Lacking the inbuilt lyrical star turns of Die Walküre, Das Rheingold is a considerably more difficult opera to record with distinction.
Melba’s latest release in its immortalisation of the 1998 Adelaide production of Der Ring des Nibelungen by the State Opera of South Australia, the nation’s first fully home-grown staging of the tetralogy, underscores that point at several turns: there are no Stuart Skeltons, Deborah Riedels or Lisa Gasteens to dazzle the ears ...
The sound, as was the case with Melba’s Die Walküre, is stupendous … the massive booklet is … exemplary and actually printed in type large enough to read with ease, unlike the many CD releases these days …
John Wegner’s Alberich starts off a trifle ordinarily, but soon hits a highly impressive stride … he is splendid as the whingeing prisoner and infuriated victim of godly theft he becomes later in the opera.
Christopher Doig’s Loge is more impressive on the CD than in the flesh and Andrew Brunsdon’s Froh leaps briefly out of the ruck of minor gods toward the end for its solid tenor quality and lyric flow. Likewise Liane Keegan’s Erda: as rich and fruity a reading of the role as they come …
There are satisfying moments for the giants of Andrew Collis and David Hibbard, and Alberich’s transformations into monster and toad work reasonably well in the theatre of the mind ...

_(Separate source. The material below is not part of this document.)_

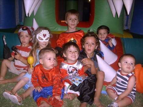 Cualquier motivo es bueno, por un lado Carnaval y por el otro, despedirse de las vacaciones y así, se juntaron los hijos de los dueños de casa, Verduci España, con amiguitos y primos: Alejo Daimiel, Martiniano y Valentín Verduci, Pedro Ruiz y esposa, Florencia González. Detrás están Francisco González y Torcuato Ruiz.
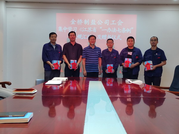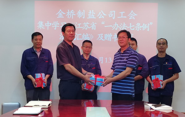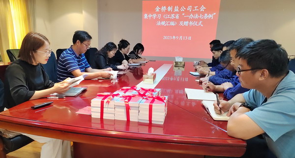 为落实市总及半岛平台网站登录入口_半岛(中国)工会相关要求, 9月13日,我公司工会举办集中学习《江苏省“一办法七条例”法规汇编》活动及赠书仪式。公司工会负责人,各分会、人资部门、安全部门负责人,部分职工代表参加。

All round, this is a valuable release for the permanence it lends to the 2004 ground-breaking Adelaide production of the first quarter of the Ring; we look forward with enthusiasm to the completion of the daunting Melba Records project during the first half of this year. Siegfried is scheduled for release next month, and Götterdämmerung will complete the SOSA tetralogy in June.